Items from a dataset
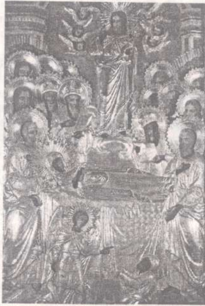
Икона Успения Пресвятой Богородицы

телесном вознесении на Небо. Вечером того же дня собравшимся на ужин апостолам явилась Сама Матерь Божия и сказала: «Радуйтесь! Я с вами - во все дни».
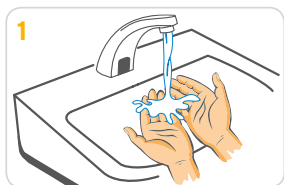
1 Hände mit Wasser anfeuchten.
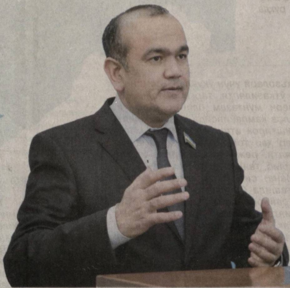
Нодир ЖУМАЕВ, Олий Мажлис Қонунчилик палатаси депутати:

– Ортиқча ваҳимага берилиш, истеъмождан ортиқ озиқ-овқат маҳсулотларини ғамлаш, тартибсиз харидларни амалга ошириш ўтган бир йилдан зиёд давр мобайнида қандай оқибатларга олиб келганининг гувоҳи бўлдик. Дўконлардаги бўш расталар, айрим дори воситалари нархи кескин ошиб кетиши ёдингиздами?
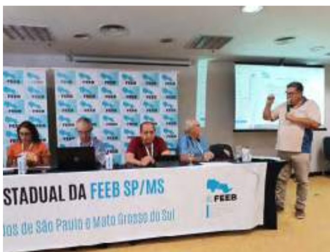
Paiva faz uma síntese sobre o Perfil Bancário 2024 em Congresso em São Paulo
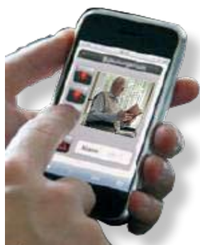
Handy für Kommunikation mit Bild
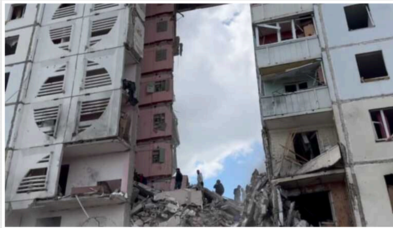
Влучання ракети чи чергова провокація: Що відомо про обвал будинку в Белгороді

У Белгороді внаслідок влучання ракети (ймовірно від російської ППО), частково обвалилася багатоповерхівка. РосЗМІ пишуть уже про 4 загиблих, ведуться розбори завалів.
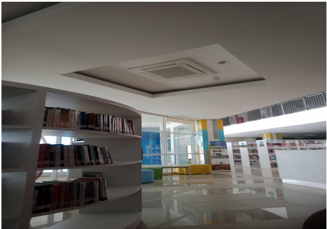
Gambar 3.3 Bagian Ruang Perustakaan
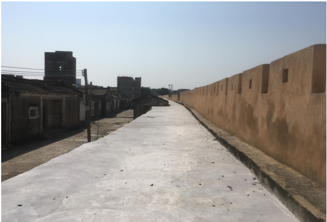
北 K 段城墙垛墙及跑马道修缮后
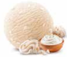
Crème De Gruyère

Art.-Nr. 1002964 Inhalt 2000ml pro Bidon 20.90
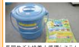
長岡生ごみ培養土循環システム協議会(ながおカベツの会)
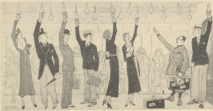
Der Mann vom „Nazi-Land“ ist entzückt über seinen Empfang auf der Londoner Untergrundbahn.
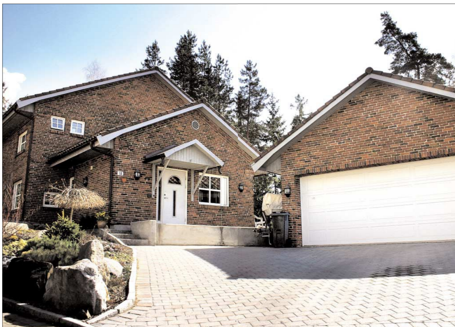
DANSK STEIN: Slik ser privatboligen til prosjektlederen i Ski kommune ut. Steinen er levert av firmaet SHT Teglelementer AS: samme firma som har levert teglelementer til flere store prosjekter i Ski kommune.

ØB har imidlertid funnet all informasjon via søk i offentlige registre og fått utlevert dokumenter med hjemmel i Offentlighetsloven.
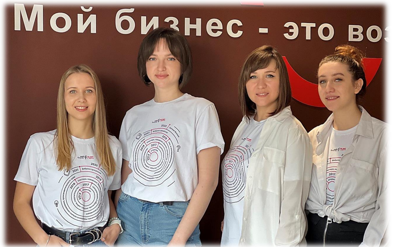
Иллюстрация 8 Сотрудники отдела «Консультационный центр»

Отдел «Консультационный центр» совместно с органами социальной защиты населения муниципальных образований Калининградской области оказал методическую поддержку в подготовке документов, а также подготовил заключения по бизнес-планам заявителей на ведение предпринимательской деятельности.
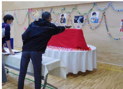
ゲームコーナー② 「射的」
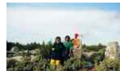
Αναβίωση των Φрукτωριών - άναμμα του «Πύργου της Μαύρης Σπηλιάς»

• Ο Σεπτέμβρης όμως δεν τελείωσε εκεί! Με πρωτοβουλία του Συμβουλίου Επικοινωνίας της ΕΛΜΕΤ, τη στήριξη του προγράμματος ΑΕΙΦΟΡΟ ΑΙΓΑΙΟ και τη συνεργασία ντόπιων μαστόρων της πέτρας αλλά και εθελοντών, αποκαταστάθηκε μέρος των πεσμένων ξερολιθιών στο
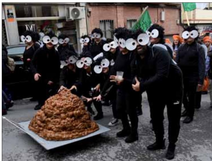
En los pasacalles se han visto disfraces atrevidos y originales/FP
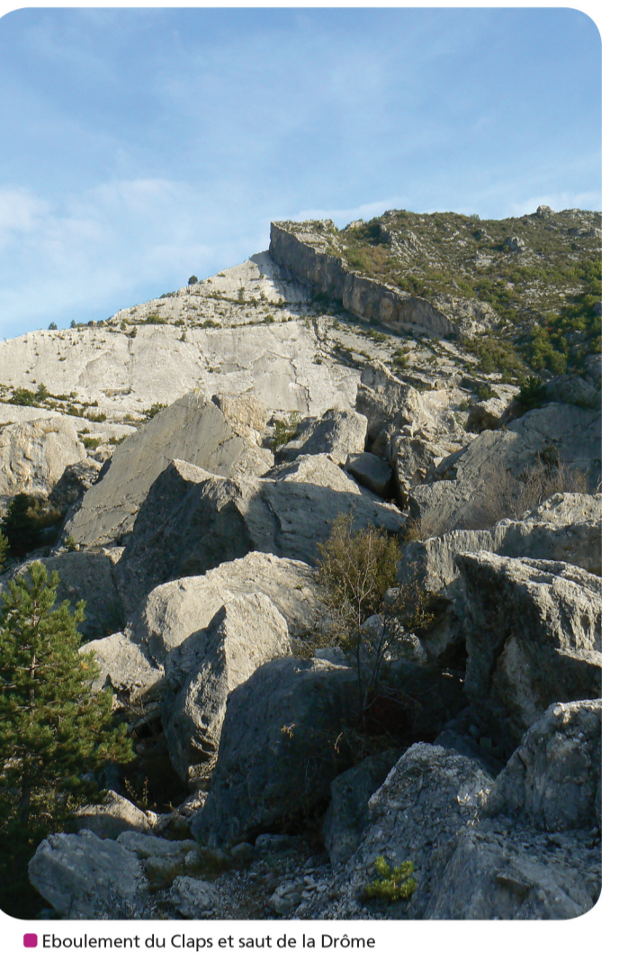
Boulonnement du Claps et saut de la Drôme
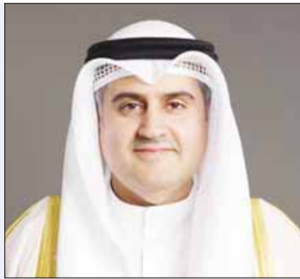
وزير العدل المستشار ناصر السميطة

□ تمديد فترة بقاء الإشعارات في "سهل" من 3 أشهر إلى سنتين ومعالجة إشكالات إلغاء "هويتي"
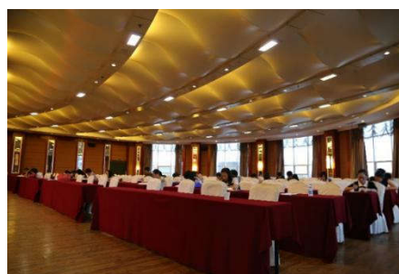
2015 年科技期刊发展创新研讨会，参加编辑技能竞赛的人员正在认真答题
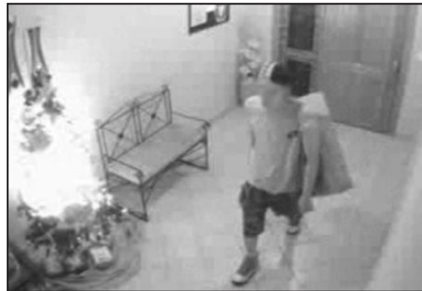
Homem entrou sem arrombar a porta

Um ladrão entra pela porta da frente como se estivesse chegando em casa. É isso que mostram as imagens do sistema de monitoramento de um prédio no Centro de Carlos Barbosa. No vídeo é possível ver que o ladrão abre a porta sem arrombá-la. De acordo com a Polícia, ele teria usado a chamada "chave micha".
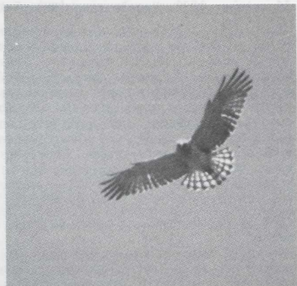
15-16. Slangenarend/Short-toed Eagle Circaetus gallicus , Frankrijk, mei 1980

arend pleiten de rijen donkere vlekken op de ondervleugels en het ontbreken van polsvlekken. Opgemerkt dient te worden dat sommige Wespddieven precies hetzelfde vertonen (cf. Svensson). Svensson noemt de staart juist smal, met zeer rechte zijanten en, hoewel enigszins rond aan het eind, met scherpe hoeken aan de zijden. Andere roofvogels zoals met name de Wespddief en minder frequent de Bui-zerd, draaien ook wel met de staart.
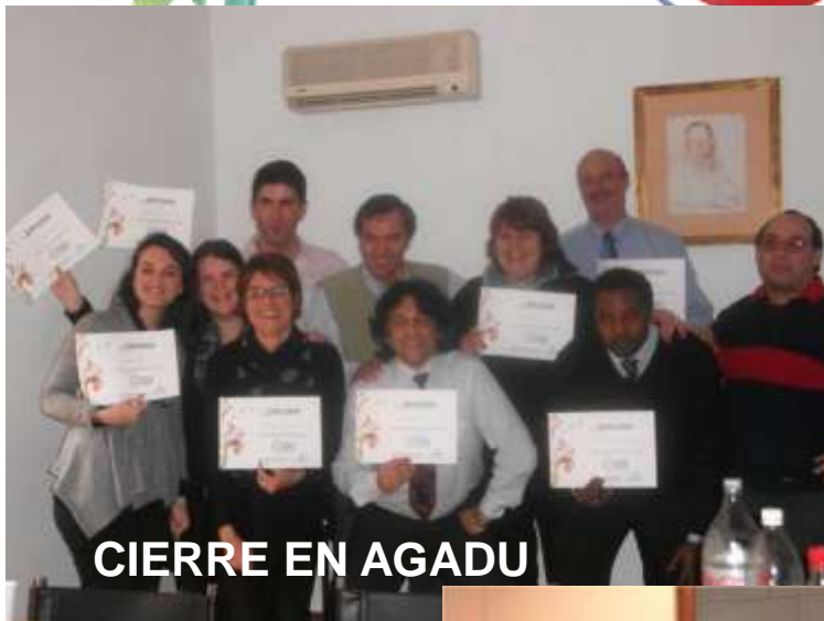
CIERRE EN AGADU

● **What is being asked**: What is needed is an exact copy of the lines above, from the one holding "У Белгороді внаслідок" down to the one holding "15-16. Slangenarend/Short-toed Eagle", with those two included and the pictures left out.

● **Solved problem**:
У Белгороді внаслідок влучання ракети (ймовірно від російської ППО), частково обвалилася багатоповерхівка. РосЗМІ пишуть уже про 4 загиблих, ведуться розбори завалів.
Gambar 3.3 Bagian Ruang Perustakaan
北 K 段城墙垛墙及跑马道修缮后
Crème De Gruyère

Art.-Nr. 1002964 Inhalt 2000ml pro Bidon 20.90
長岡生ごみ培養土循環システム協議会(ながおカベツの会)
Der Mann vom „Nazi-Land“ ist entzückt über seinen Empfang auf der Londoner Untergrundbahn.
DANSK STEIN: Slik ser privatboligen til prosjektlederen i Ski kommune ut. Steinen er levert av firmaet SHT Teglelementer AS: samme firma som har levert teglelementer til flere store prosjekter i Ski kommune.

ØB har imidlertid funnet all informasjon via søk i offentlige registre og fått utlevert dokumenter med hjemmel i Offentlighetsloven.
Иллюстрация 8 Сотрудники отдела «Консультационный центр»

Отдел «Консультационный центр» совместно с органами социальной защиты населения муниципальных образований Калининградской области оказал методическую поддержку в подготовке документов, а также подготовил заключения по бизнес-планам заявителей на ведение предпринимательской деятельности.
ゲームコーナー② 「射的」
Αναβίωση των Φрукτωριών - άναμμα του «Πύργου της Μαύρης Σπηλιάς»

• Ο Σεπτέμβρης όμως δεν τελείωσε εκεί! Με πρωτοβουλία του Συμβουλίου Επικοινωνίας της ΕΛΜΕΤ, τη στήριξη του προγράμματος ΑΕΙΦΟΡΟ ΑΙΓΑΙΟ και τη συνεργασία ντόπιων μαστόρων της πέτρας αλλά και εθελοντών, αποκαταστάθηκε μέρος των πεσμένων ξερολιθιών στο
En los pasacalles se han visto disfraces atrevidos y originales/FP
Boulonnement du Claps et saut de la Drôme
وزير العدل المستشار ناصر السميطة

□ تمديد فترة بقاء الإشعارات في "سهل" من 3 أشهر إلى سنتين ومعالجة إشكالات إلغاء "هويتي"
2015 年科技期刊发展创新研讨会，参加编辑技能竞赛的人员正在认真答题
Homem entrou sem arrombar a porta

Um ladrão entra pela porta da frente como se estivesse chegando em casa. É isso que mostram as imagens do sistema de monitoramento de um prédio no Centro de Carlos Barbosa. No vídeo é possível ver que o ladrão abre a porta sem arrombá-la. De acordo com a Polícia, ele teria usado a chamada "chave micha".
15-16. Slangenarend/Short-toed Eagle Circaetus gallicus , Frankrijk, mei 1980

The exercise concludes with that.